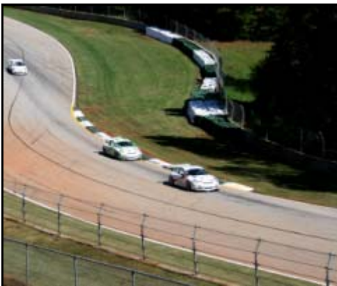
Chasing Down Pank

Smith looked to be back in the game before non-visible damage caused by the earlier spin resulted in a flat right rear tire. Smith again was able to drive the car back into the pits for a quick tire change enabling him to finish the race 18th in class.
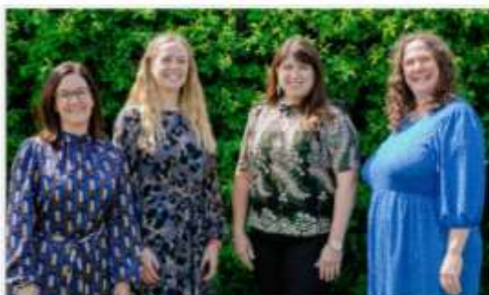
Senior Leadership Team
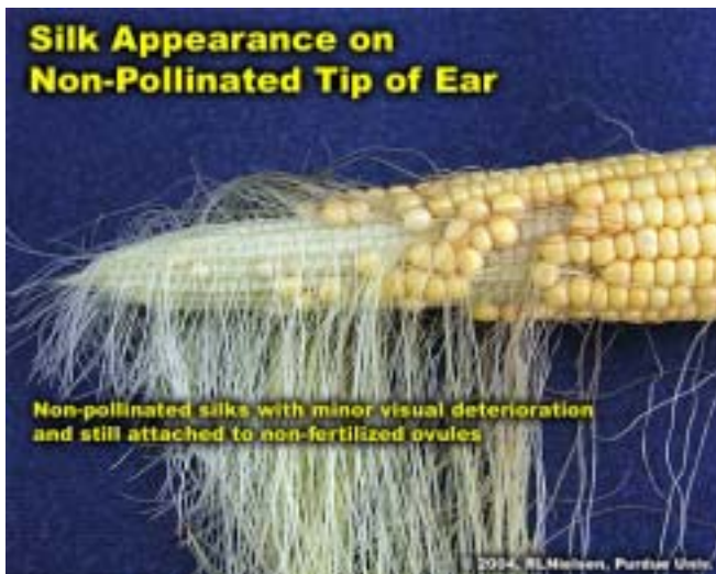
"Fresh" silks associated with non-pollinated barren ear tips.
++++++++++++++++++++
TASK ITEM: Give back the material word for word and drop the pictures it holds.

ANSWER:
Chasing Down Pank

Smith looked to be back in the game before non-visible damage caused by the earlier spin resulted in a flat right rear tire. Smith again was able to drive the car back into the pits for a quick tire change enabling him to finish the race 18th in class.
Senior Leadership Team
"Fresh" silks associated with non-pollinated barren ear tips.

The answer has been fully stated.